Können Sanktionen ganz grundsätzlich dazu beitragen, Kriege zu beenden oder einen Regime-Wechsel herbeizuführen?

Sanktionen gibt es seit der Antike. In der Gegenwart werden sie eingesetzt, um eine Verhaltensänderung eines Staates oder eines Regimes zu bewirken oder dessen Handlungsfähigkeit einzuschränken.

Keiner der Kriege seit 1990 weder in Afghanistan, noch in Armenien, Aserbaidschan, Georgien, Irak, Jugoslawien, Kuwait, Libyen, Serbien und Kosovo, Syrien oder Tschetschenien ist durch Sanktionen verhindert oder beendet worden.

Ob Sanktionen nach dem Zweiten Weltkrieg jemals zu einem Regime-Wechsel geführt haben, ist umstritten. Ob die Sanktionen einiger weniger Staaten zum Zusammenbruch des Apartheid-Regimes in Südafrika geführt haben, wird jedenfalls bezweifelt. Im Irak haben Sanktionen in der Bevölkerung eher Trotzreaktionen ausgelöst. Die seit 1979 gegen den Iran verhängten Sanktionen haben nicht zur Entmachtung das Mullah-Regimes geführt.

Die Schwächung der Wirtschaft eines gegnerischen Staates durch Sanktionen, schwächt nicht unbedingt auch das jeweilige dort herrschende Regime, das lässt sich in Syrien oder in Nordkorea beobachten. Sanktionen sind häufig nur der Versuch, die eigene Hilflosigkeit zu kaschieren.

Erwiesenermaßen haben die schon ab dem Jahr 2014 massiven Sanktionen, die vom "Westen" gegen Russland nach der Annexion der Krim verhängt wurden, Putin nicht daran gehindert, einen völkerrechtswidrigen Krieg gegen die Ukraine vom Zaun zu brechen.

Auch die Androhung von – wie es hieß – "massiven Konsequenzen und hohen Kosten" schon vor diesem Krieg, nämlich auf dem EU-Gipfel im Dezember 2021, konnten den Einmarsch nicht aufhalten. In der gesamten Geschichte Russlands hat niemals eine Niederlage in einem Krieg zu einem Regimewechsel geführt.

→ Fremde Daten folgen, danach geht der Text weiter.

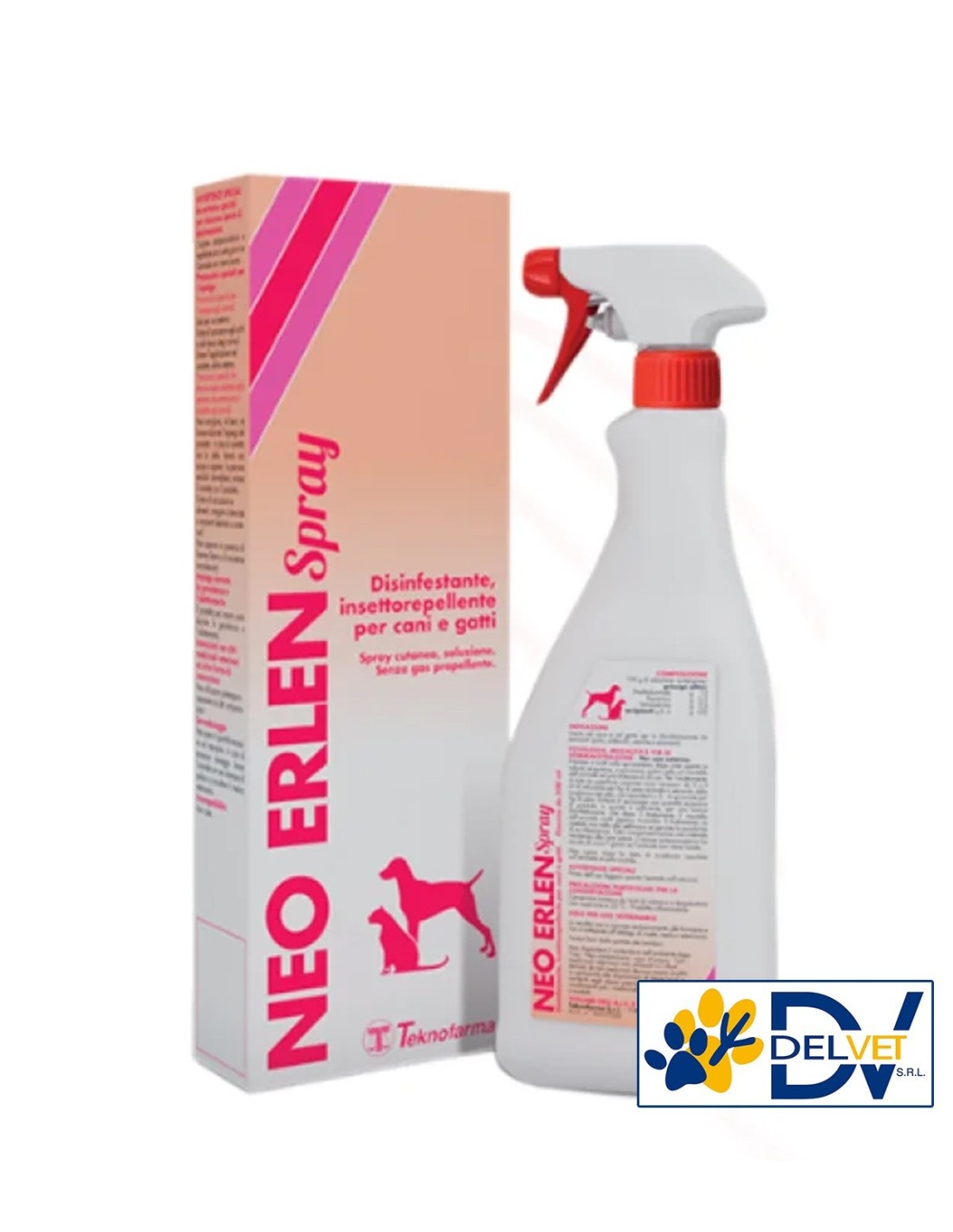Teknofarma - NEO ERLEN SPRAY 500 ML è uno spray cutaneo, soluzione disinfestante, insettorepellente contro Pulci, pidocchi, zecche, zanzare a base di Fenotrina, Tetrametrina, Dietiltoluamide.

Mit dem inzwischen schon neunten Sanktionspaket der EU wurde die simple Eskalationslogik immer nur beidseitig fortgesetzt, denn auch Russland eskalierte zuletzt mit einer Teilmobilmachung oder derzeit mit Raketenbeschuss auf nicht besetzte ukrainische Gebiete und mit der Zerstörung kritischer Infrastruktur im gesamten Lande. Mehr als 1.100 Orte und mehr als zehn Millionen Menschen waren in der Ukraine zeitweise ohne Strom – und das im strengen Winter.